在 [Working with Hugging Face Transformers and TF 2.0](https://towardsdatascience.com/working-with-hugging-face-transformers-and-tf-2-0-89bf35e3555a) 中提到，transformer model 實際運作的流程基本上都依循：

> Tokenizer definition → Tokenization of Documents → Model Definition → Model Training →Inference

因此，下面我們就從中文 tokenizer 的定義開始。

### Reference
1.[如何使用 hugging face 所提供的 transformers 以 bert / PyTorch 為例](https://clay-atlas.com/blog/2020/06/30/pytorch-%E5%A6%82%E4%BD%95%E4%BD%BF%E7%94%A8-hugging-face-%E6%89%80%E6%8F%90%E4%BE%9B%E7%9A%84-transformers-%E4%BB%A5-bert-%E7%82%BA%E4%BE%8B/)

2.[Huggingface简介及BERT代码浅析](https://zhuanlan.zhihu.com/p/120315111)

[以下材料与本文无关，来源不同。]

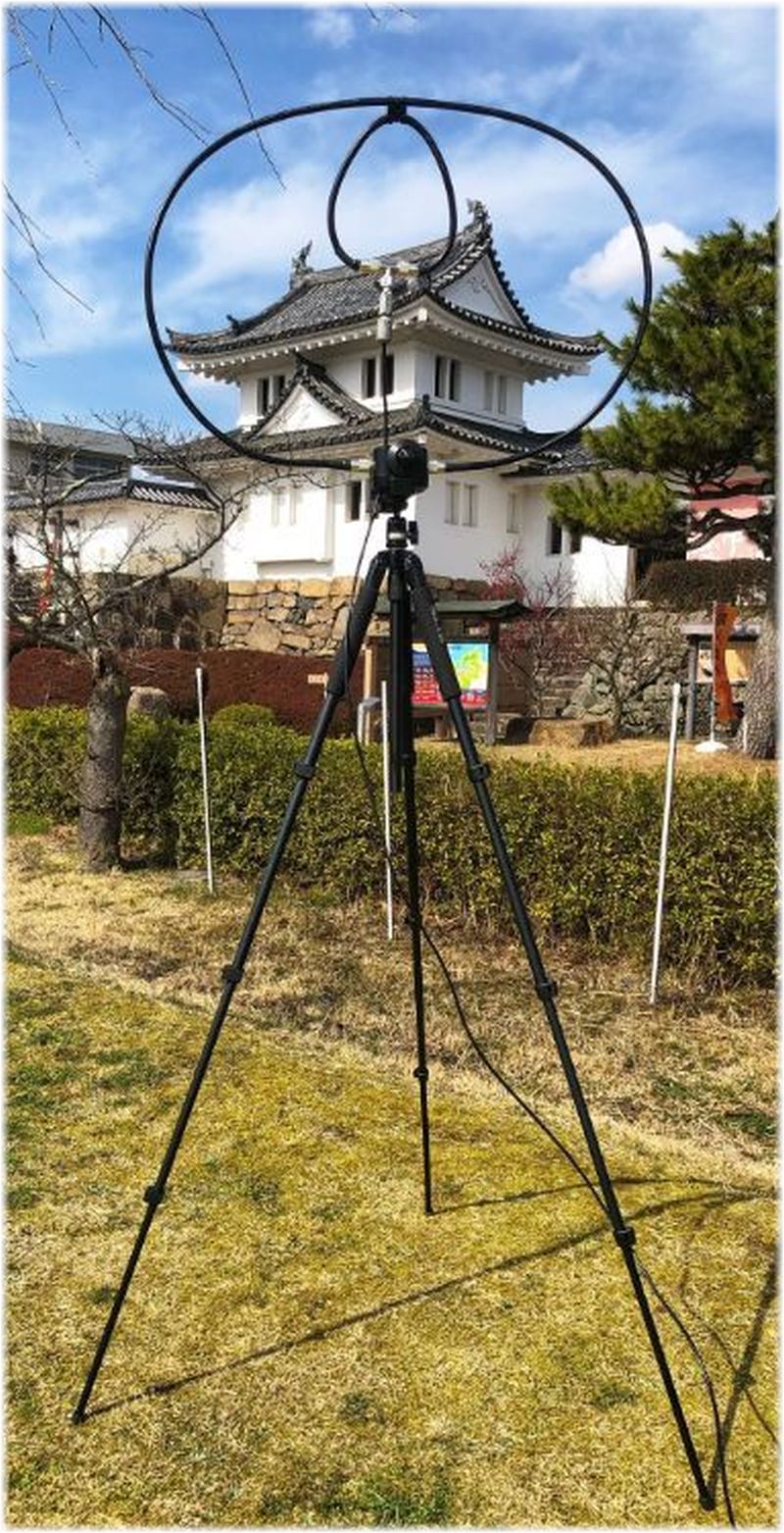 The 6 meter band is popular in Japan, so for this portable operation I chose to operate HF using the AL-705 Magnetic Loop Antenna (MLA) and 6 meters using a 3 element Yagi. The 6 meter Yagi antenna can be built with the components that come with the Deluxe Buddipole® system, the optional 6 meter Yagi kit, and other accessory components. The parts and assembly are detailed later in this article. I chose a location not far from the castle building and gate, on a small rise on the main bailey. All of my equipment was brought in using my cart. The forecast was for sunshine, so I brought my umbrella and later clamped it to the tripod. I am glad I brought it, as the sun later got bright, and it got a little warm. I set up the Yagi as the main antenna and the loop antenna on a camera tripod as a sub antenna. I also attached the IC-705 to a light plastic tripod and placed it on the folding camp table.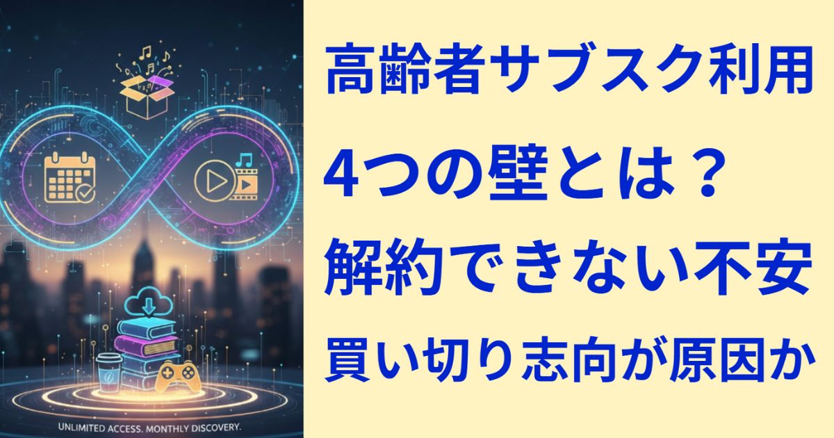 高齢者がサブスクを利用する際の壁は、デジタル操作の複雑さ、支払い方法への抵抗、経済的な不安、サービスの価値認識の違いという4つがありました。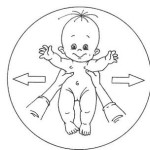 L'enfant est allongé sur le dos sur un canapé ou une table. Nous apportons le fitball aux jambes et pressons un peu. L'enfant commence instinctivement à repousser le ballon avec ses pieds.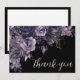 Dark Gothic Floral Wedding Thank You Card — a romantic and moody design perfect for a gothic chic celebration. The front features a mix of deep purple, dark gray, and black flowers and leaves over an off-white background with a black border. “Thank you” is written in elegant script on the front. On the back, the couple’s names and wedding date are displayed in classic serif fonts. Ideal for fall, winter, or gothic-inspired weddings.
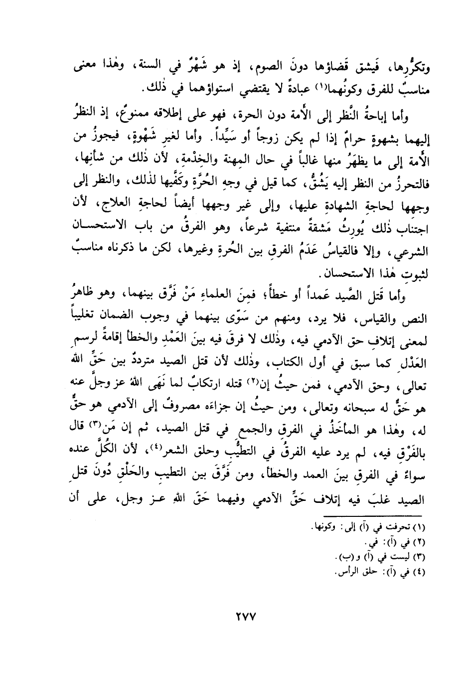 وَأَمَّا قَتْلُ الصَّيْدِ عَمْدًا أَوْ خَطَأً ; فَمِنَ الْعُلَمَاءِ مَنْ فَرَّقَ بَيْنَهُمَا، وَهُوَ ظَاهِرُ النَّصِّ وَالْقِيَاسِ، فَلَا يُرَدُّ، وَمِنْهُمْ مَنْ سَوَّى بَيْنِهِمَا فِي وُجُوبِ الضَّمَانِ تَغْلِيبًا لِمَعْنَى إِتْلَافِ حَقِّ الْآدَمِيِّ فِيهِ، وَذَلِكَ لَا فَرْقَ فِيهِ بَيْنَ الْعَمْدِ وَالْخَطَأِ إِقَامَةً لِرَسْمِ الْعَدْلِ كَمَا سَبَقَ فِي أَوَّلِ الْكِتَابِ، وَذَلِكَ لِأَنَّ قَتْلَ الصَّيْدِ مُتَرَدِّدٌ بَيْنَ حَقِّ اللَّهِ تَعَالَى، وَحَقِّ الْآدَمِيِّ، فَمِنْ حَيْثُ إِنَّ قَتْلَهُ ارْتِكَابٌ لِمَا نَهَى اللَّهُ - عَزَّ وَجَلَّ - عَنْهُ هُوَ حَقُّ لَهُ - سُبْحَانَهُ وَتَعَالَى، وَمِنْ حَيْثُ إِنَّ جَزَاءَهُ مَصْرُوفٌ إِلَى الْآدَمِيِّ هُوَ حَقٌّ لَهُ، وَهَذَا هُوَ الْمَأْخَذُ فِي الْفَرْقِ وَالْجَمْعِ فِي قَتْلِ الصَّيْدِ، ثُمَّ إِنَّ مَنْ قَالَ بِالْفَرْقِ فِيهِ، لَمْ يَرِدْ عَلَيْهِ الْفَرْقُ فِي التَّطَيُّبِ وَحَلْقِ الشَّعْرِ؛ لِأَنَّ الْكُلَّ عِنْدَهُ سَوَاءٌ فِي الْفَرْقِ بَيْنَ الْعَمْدِ وَالْخَطَأِ، وَمَنْ فَرَّقَ بَيْنَ التَّطَيُّبِ وَالْحَلْقِ دُونَ قَتْلِ الصَّيْدِ غَلَبَ فِيهِ إِتْلَافُ حَقِّ الْآدَمِيِّ وَفِيهِمَا حَقُّ اللَّهِ - عَزَّ وَجَلَّ -، عَلَى أَنَّ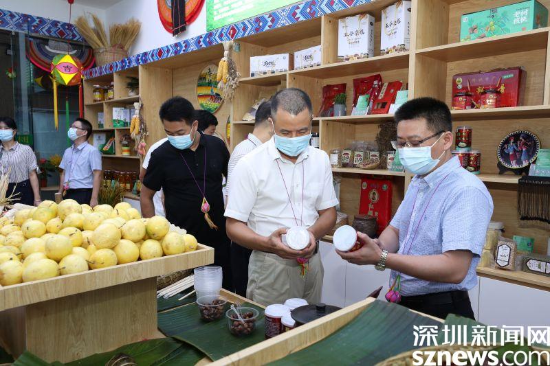 讀特客戶端·深圳新聞網(wǎng)2021年8月18日訊(記者 劉晨 通訊員 蔡曉檸)8月18日下午,羅湖區(qū)黃貝街道隆林西林鄉(xiāng)村振興農(nóng)產(chǎn)品體驗(yàn)店正式揭牌開業(yè),這也是全市首家鄉(xiāng)村振興農(nóng)產(chǎn)品體驗(yàn)店,該體驗(yàn)店是羅湖區(qū)黃貝街道黨工委在羅湖區(qū)對口幫扶領(lǐng)導(dǎo)小組指導(dǎo)下,實(shí)施精準(zhǔn)消費(fèi)扶貧、深化鞏固扶貧攻堅(jiān)成果的創(chuàng)新實(shí)踐,全力助推鄉(xiāng)村振興戰(zhàn)略。羅湖區(qū)副區(qū)長肖嘉睿出席了開業(yè)儀式,與黃貝街道黨政主要領(lǐng)導(dǎo)、黃貝嶺靖軒股份公司負(fù)責(zé)人等共同為農(nóng)產(chǎn)品體驗(yàn)店揭牌。
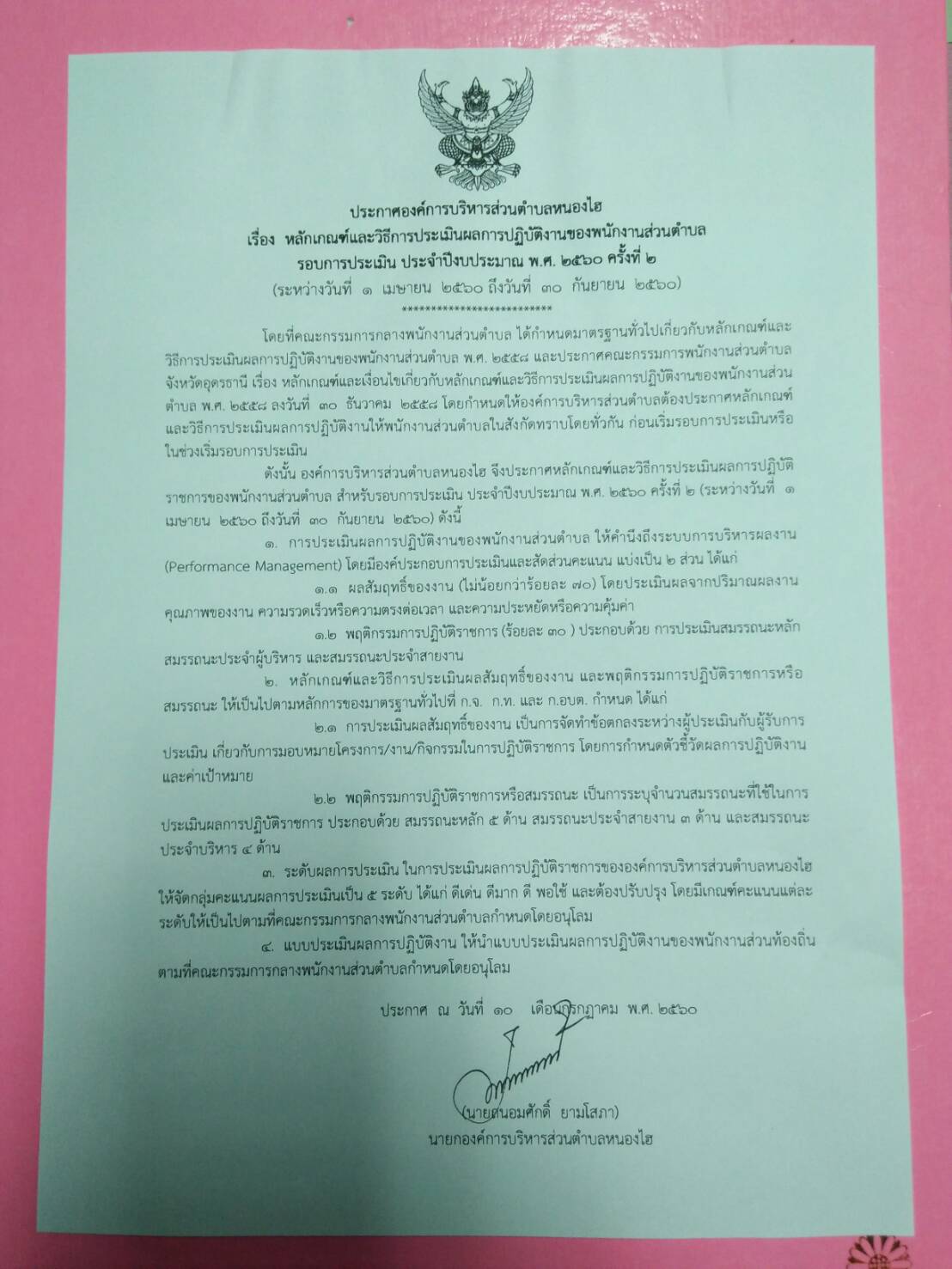 ประกาศ หลักเกณฑ์และวิธีการประเมินผลการปฏิบัติงานของพนักงานส่วนตำบล ประจำปีงบประมาณ 2560 ครั้งที่ 2

3.[進擊的 BERT：NLP 界的巨人之力與遷移學習](https://leemeng.tw/attack_on_bert_transfer_learning_in_nlp.html)

4.[Working with Hugging Face Transformers and TF 2.0](https://towardsdatascience.com/working-with-hugging-face-transformers-and-tf-2-0-89bf35e3555a)

5.[中文GPT2预训练实战](https://finisky.github.io/2020/05/01/pretrainchinesegpt/)

## 淺談語言的標記化（tokenization）

標記化（[tokenization](https://en.wikipedia.org/wiki/Lexical_analysis#Tokenization)）屬於詞法分析（[lexical analysis](https://en.wikipedia.org/wiki/Lexical_analysis)）的一個部分，即將輸入字符串分割為標記、進而將標記進行分類的過程。生成的標記隨後便被用來進行語法分析。依據分析的目的不同，標記化可以有很多不同的作法，例如「斷詞」（[word segmentation](https://en.wikipedia.org/wiki/Text_segmentation#Word_segmentation)）就是把每個詞彙轉換成一個標記（token）。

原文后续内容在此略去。